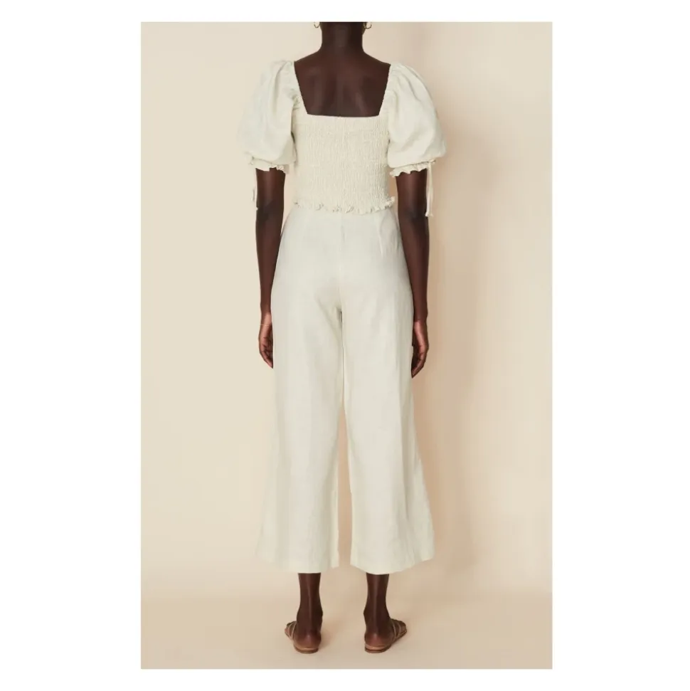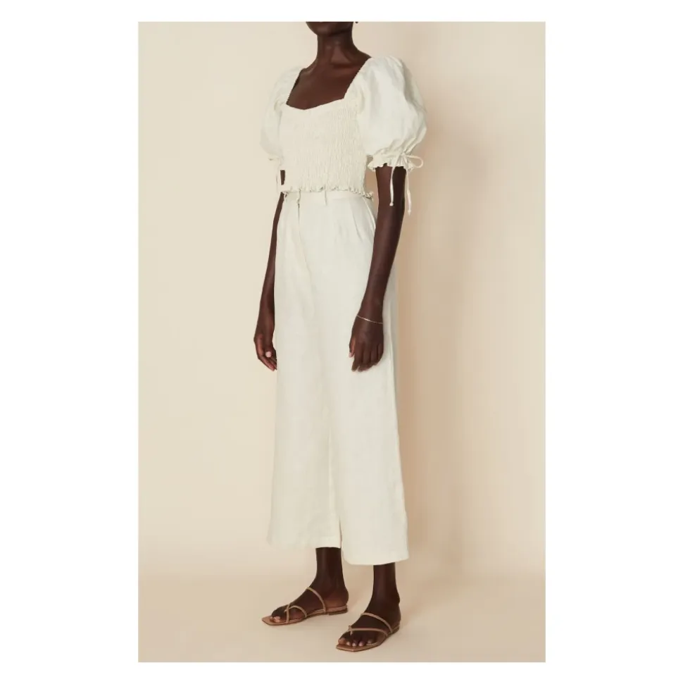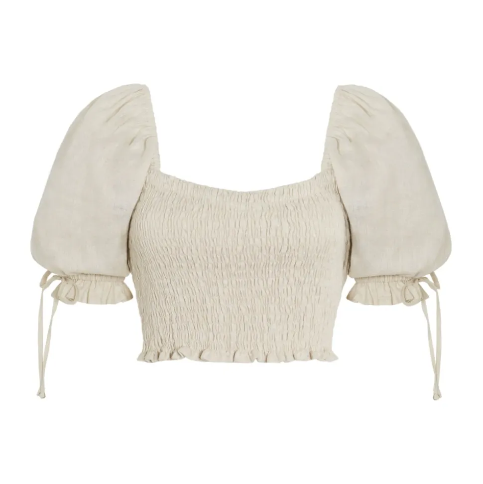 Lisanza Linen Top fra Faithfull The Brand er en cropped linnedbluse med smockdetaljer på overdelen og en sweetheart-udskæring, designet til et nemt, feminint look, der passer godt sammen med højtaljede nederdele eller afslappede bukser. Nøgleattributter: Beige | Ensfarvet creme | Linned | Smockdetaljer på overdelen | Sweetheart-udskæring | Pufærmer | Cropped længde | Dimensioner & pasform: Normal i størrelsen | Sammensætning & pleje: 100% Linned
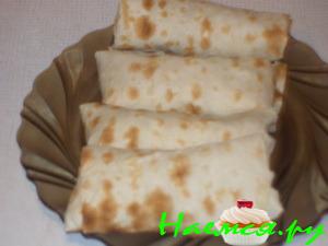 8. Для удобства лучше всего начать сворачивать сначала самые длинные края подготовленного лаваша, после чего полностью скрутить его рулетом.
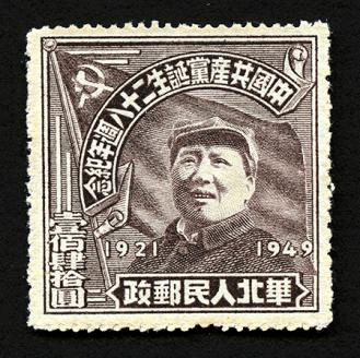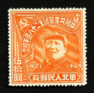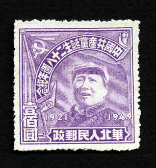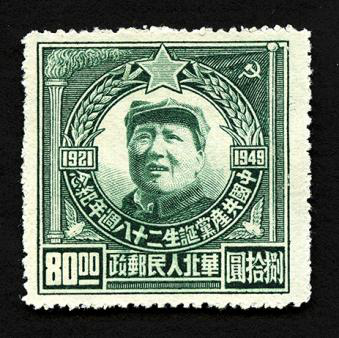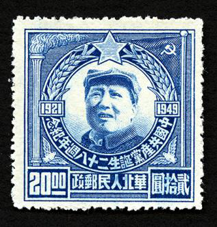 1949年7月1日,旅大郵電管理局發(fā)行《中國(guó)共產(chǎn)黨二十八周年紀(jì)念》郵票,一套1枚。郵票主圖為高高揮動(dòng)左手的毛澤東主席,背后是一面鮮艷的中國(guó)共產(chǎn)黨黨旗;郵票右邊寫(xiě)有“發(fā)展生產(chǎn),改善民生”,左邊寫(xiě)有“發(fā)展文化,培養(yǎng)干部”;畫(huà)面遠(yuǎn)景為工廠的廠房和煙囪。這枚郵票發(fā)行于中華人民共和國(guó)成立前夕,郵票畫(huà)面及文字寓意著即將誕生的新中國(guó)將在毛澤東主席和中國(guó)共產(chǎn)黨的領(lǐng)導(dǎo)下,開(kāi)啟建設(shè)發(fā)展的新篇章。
...
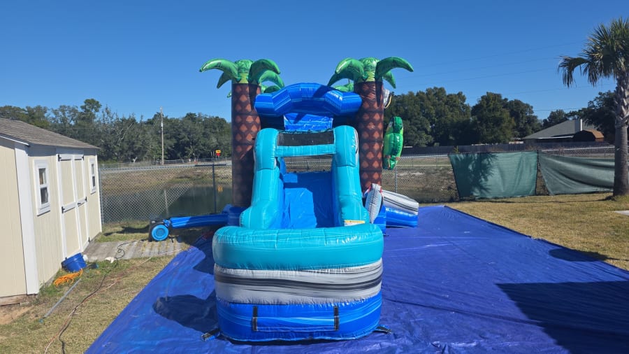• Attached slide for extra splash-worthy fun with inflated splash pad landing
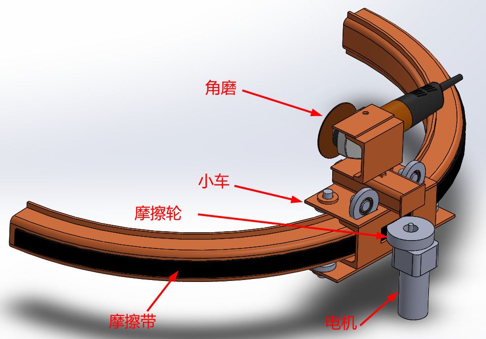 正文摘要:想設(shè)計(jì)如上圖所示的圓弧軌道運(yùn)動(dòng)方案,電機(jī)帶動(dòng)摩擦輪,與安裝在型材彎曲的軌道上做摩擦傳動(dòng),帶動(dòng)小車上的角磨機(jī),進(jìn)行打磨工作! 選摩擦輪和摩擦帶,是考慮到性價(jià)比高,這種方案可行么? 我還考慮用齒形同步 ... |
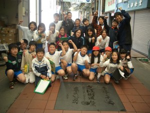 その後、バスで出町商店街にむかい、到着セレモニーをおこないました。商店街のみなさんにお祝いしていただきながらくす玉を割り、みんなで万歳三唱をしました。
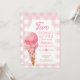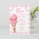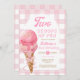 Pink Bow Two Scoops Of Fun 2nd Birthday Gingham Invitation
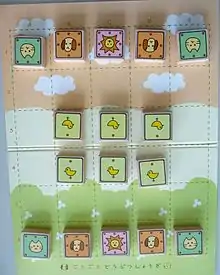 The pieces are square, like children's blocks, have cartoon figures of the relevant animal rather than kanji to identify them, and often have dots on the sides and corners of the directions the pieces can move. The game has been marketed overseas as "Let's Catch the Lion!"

▶ Work instruction
From the records above, copy only the lines running from the line containing "Pink Bow Two" to the line containing "The pieces are", both ends included. Leave the pictures out.

▶ Solution to this problem
 Pink Bow Two Scoops Of Fun 2nd Birthday Gingham Invitation
 The pieces are square, like children's blocks, have cartoon figures of the relevant animal rather than kanji to identify them, and often have dots on the sides and corners of the directions the pieces can move. The game has been marketed overseas as "Let's Catch the Lion!"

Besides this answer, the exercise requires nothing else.